On February 28, the United States and Israel launched a military operation against Iran, which had refused to halt its nuclear weapons program. In response to massive airstrikes, Iran attacked NATO military bases and critical infrastructure in neighboring countries — the UAE, Qatar, and Saudi Arabia — using drones.
Long before this war in the Middle East, Russia had already started using Iranian “Shahed” drones against Ukraine. The first Shaheds were shot down over Ukraine in the fall of 2022. At that time, NAKO’s research showed that these Iranian-made drones contained microelectronics from the U.S., Japan, Canada, and Switzerland. The types of components varied, but it was clear that they significantly enhanced the overall effectiveness of the Shaheds.
Over the past four years, Iran and Russia have exchanged experience to modify these drones and scale up production. While Russia attacked Ukraine with 120 Shaheds in December 2022, by December 2025 the number exceeded 5,000, according to open-source data.

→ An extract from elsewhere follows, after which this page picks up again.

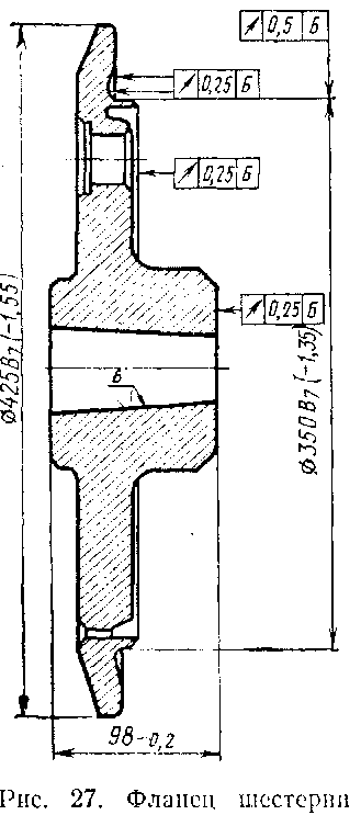 Не допускаются к установке фланцы двигателя и шестерни, имеющие трещины, радиальное и торцовое биение поверхностей, обозначенных на рис. 26 и 27, больше нормы. Восстановление или исправление фланцев сваркой не допускается. Втулки полуколец с прослабленной посадкой к установке не допускаются.

Both authoritarian regimes gain access to Western technologies despite sanctions, in part through intermediary companies in third countries — including in the Middle East.

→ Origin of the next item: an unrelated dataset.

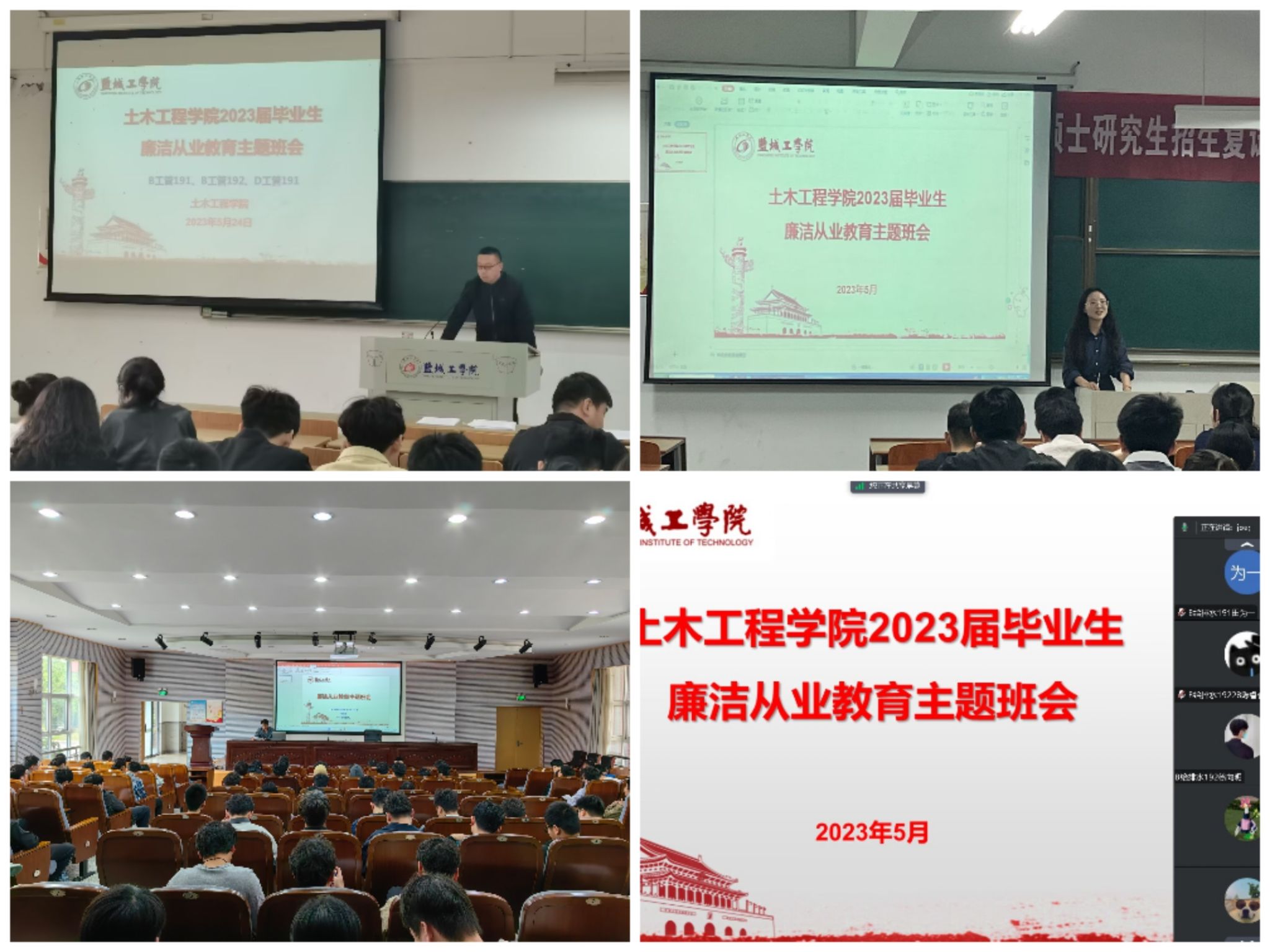 5月24日-28日,PlayAce毕业班辅导员以责任班级为单位在希望大道校区召开毕业生廉洁从业教育主题班会。辅导员们对2023届毕业生顺利完成学业表示祝贺,祝愿同学们在新的学习、工作岗位上有更好的发展,实现人生价值。班会通过具体案例讲解廉洁从业的重要性,希望毕业生走上工作岗位后,恪守廉洁奉公、勤俭节约、德行高尚的品格,谨记社会责任与义务,行有所戒、情有所指。通过观看视频《正风反腐就在身边》,使毕业生不断提高自身廉洁自律和守纪守法意识,增强诚实做人、规范做事自觉性。同学们备受鼓舞,纷纷表示将在之后的工作岗位上,真正做到清正廉洁、永守初心,做担当民族复兴大任的时代新人。

“The war you ignore becomes the threat you import. Gulf logistics hubs helped move Western tech into Iranian drones used against Ukraine. Today those drones are hitting the Gulf,” noted NAKO Executive Director Olena Tregub.
This is just one example of military-political cooperation between authoritarian regimes. Yet it shows that deepening such cooperation threatens not only Ukraine or the Middle East — but global security as well.